§ GOAL OF THE EXERCISE: Taking the listing below, restate word for word each line from the line with "12 Pack Prank Micropenis Postcards" to the line with "当温馨的生日歌响起,生日蛋糕", ends included, and stop there.

§ SUPPLIED MATERIAL:
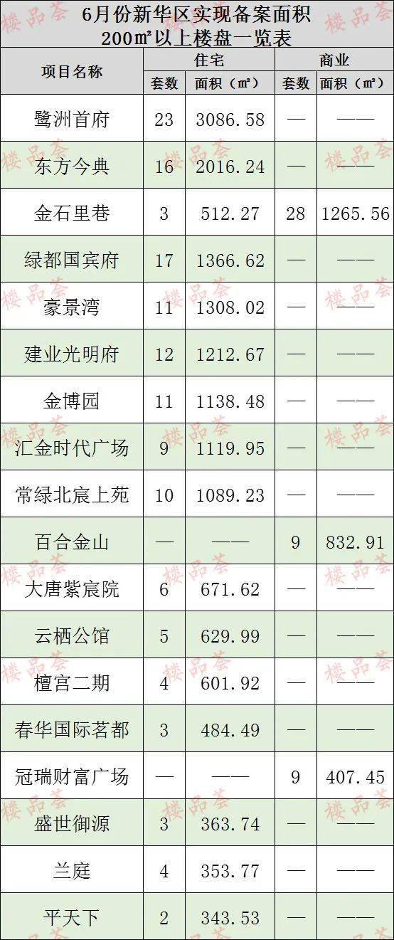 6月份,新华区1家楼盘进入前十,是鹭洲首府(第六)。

---

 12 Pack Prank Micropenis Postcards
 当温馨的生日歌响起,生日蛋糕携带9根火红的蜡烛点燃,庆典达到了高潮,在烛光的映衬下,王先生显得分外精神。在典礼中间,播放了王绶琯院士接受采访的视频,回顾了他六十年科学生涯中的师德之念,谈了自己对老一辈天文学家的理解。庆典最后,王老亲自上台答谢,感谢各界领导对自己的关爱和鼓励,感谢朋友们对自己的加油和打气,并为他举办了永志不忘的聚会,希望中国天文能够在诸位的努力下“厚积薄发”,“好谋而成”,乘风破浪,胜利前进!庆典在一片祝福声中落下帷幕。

§ RESPONSE BOX:
 12 Pack Prank Micropenis Postcards
 当温馨的生日歌响起,生日蛋糕携带9根火红的蜡烛点燃,庆典达到了高潮,在烛光的映衬下,王先生显得分外精神。在典礼中间,播放了王绶琯院士接受采访的视频,回顾了他六十年科学生涯中的师德之念,谈了自己对老一辈天文学家的理解。庆典最后,王老亲自上台答谢,感谢各界领导对自己的关爱和鼓励,感谢朋友们对自己的加油和打气,并为他举办了永志不忘的聚会,希望中国天文能够在诸位的努力下“厚积薄发”,“好谋而成”,乘风破浪,胜利前进!庆典在一片祝福声中落下帷幕。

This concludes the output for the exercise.